Фома нахмурил брови.
– Я знал его отца, – сказал Матфей.
– Почему ты говоришь о его отце в прошедшем времени?
– Он умер. Он был мытарем, как и я. Его убили.
– Я знаю, что ты думаешь, – сказал Фаддей, на удивление, с горечью в голосе. – Но я спрашиваю тебя, Учитель, если твое учение не для таких людей, как я, для кого же тогда оно предназначено?
– Ты, разумеется, понял меня, Фаддей. Вставай рядом со мной.
Действительно, его учение было предназначено для этих обездоленных, робких, отовсюду гонимых людей. Иисус повернулся лицом к толпе:
– Вы должны понимать, что я не могу взять вас всех с собой. Я не собираю армию. Однако это не означает, что те, кто не последует за мной, должны чувствовать себя отверженными или недостойными. Они должны стать проводниками моих устремлений здесь, в Капернауме. И я надеюсь, что настанет день, когда все люди доброй воли в Палестине станут моими глашатаями.
Иаков, сын Алфеев, прошептал Иисусу на ухо, что здесь находится еще один человек, который заслуживает доверия, рыболов по имени Иуда, с которым он когда-то был хорошо знаком. Иисус уже заметил это выразительное лицо, поскольку оно напоминало ему лицо Фомы, хотя и не было отмечено лукавством. Лицо, вылепленное страстью.
– Иуда! – позвал Иисус, но, к его удивлению, шаг вперед сделали двое мужчин.
У второго мужчины были рыжие волосы и круглые черные глаза.
– Тебя тоже зовут Иудой? – спросил Иисус.
– Да, раввин. Меня зовут Иудой Искариотом, поскольку я сын Симона Искариота.
– Ты кожевник?
– Да, это мое ремесло, но я им больше не занимаюсь.
Иисус ждал продолжения. Симон Зилот объяснил Иисусу, что Иуда тоже был зелотом и пытался объединить вокруг себя всех остальных зелотов, чтобы затем создать партию.
– И они пошли за тобой? – поинтересовался Иисус.
– Нет. Но зелотов все равно много. Объединившись же, мы стали бы более уязвимыми.
Иисус бросил вопросительный взгляд на Иуду Искариота.
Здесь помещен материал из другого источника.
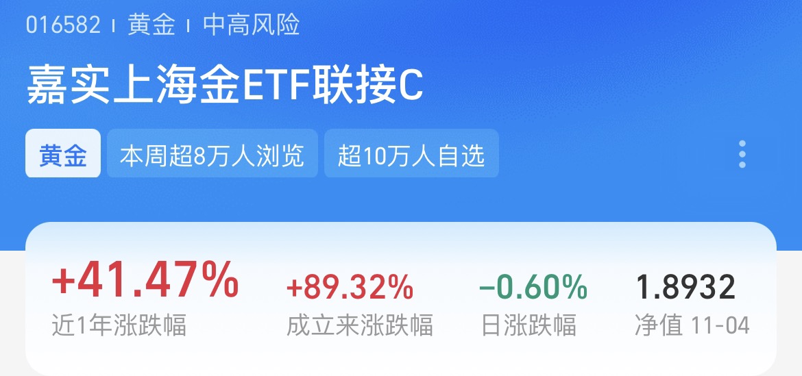 美联储年内预计还有一次降息,现在黄金走弱我觉得回调就是机会。弱美元下,黄金预期还会继续上涨,$嘉实上海金ETF发起联接C$ 讨论区还有包包可以领取,它整体的防守能力挺优秀的,在十月的回撤中跌幅比同类小,攻守兼备。而且近期股市震荡较多,黄金长期持有风险波动较低,就连央行都连续11个月增持,创下记录,黄金仍具有配置价值,该基金买入卖出七天没有手续费,申赎灵活,操作起来也更方便,继续期待黄金的拉升
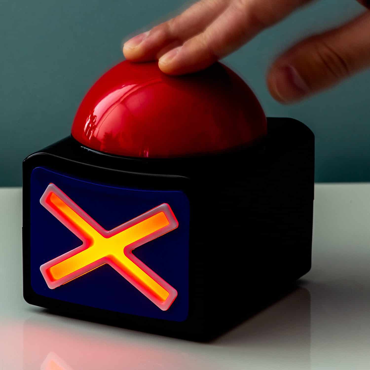 Je eigen talentenshow opvoeren – jij bent natuurlijk de jury – of gewoon laten weten dat je het ergens niet mee eens bent. Met de Buzzer met licht en geluid van Out of the Blue kan het allemaal. Deze grappige buzzer ziet eruit als één die je zou kunnen zien in een van de talentenjachten op tv. En het leuke is: hij maakt echt geluid en geeft licht. Heeft je moeder iets vies gekookt? Met de buzzer laat jij weten dat je het niks vindt. Maar dan is de kans wel aanwezig dat je de volgende dag zelf moet koken natuurlijk.

– Это правда, – подтвердил Иуда. – Я хотел объединить вокруг себя зелотов, у которых не было настоящего вождя. Я устал от пассивности иудеев. Они хнычут, словно старые женщины, сетуют, что изнемогают под чужеземной тиранией и из-за упадка внутри страны, но, когда возникает необходимость решительно действовать, уклоняются под предлогом, что у них у всех семьи. Обитатели всех пяти провинций знают о продажности правителей и чиновников в Иерусалиме и о падении нравов в Декаполисе. Воры и проститутки всех мастей ходят с гордо поднятыми головами при свете дня во всех городах этой страны, и я сомневаюсь, что в Палестине нет алтаря хотя бы одного из языческих богов. Молоденьких иудейских мальчиков вовлекают в постыдные действа, где все танцуют обнаженными, пьяные и размалеванные, однако отцы не осмеливаются ни осуждать своих сыновей, поскольку чувствуют себя бессильными что-то изменить, ни доносить блюстителям порядка, ибо боятся быть осмеянными. Они также не хотят злить римлян, под чьим покровительством и совершаются эти так называемые обряды. Такое случается даже в Капернауме, где мясник однажды потерял свой лучший источник доходов, римский гарнизон, поскольку донес предыдущему раввину на родного сына. В этой стране любой мог бы показать пальцем на трусливого пройдоху раввина, но никто этого не делает. Или почти никто. Разве ты об этом не знаешь? – обратился он к Иисусу. – Разве вдохновляет тебя не стыд, подпитываемый надеждой?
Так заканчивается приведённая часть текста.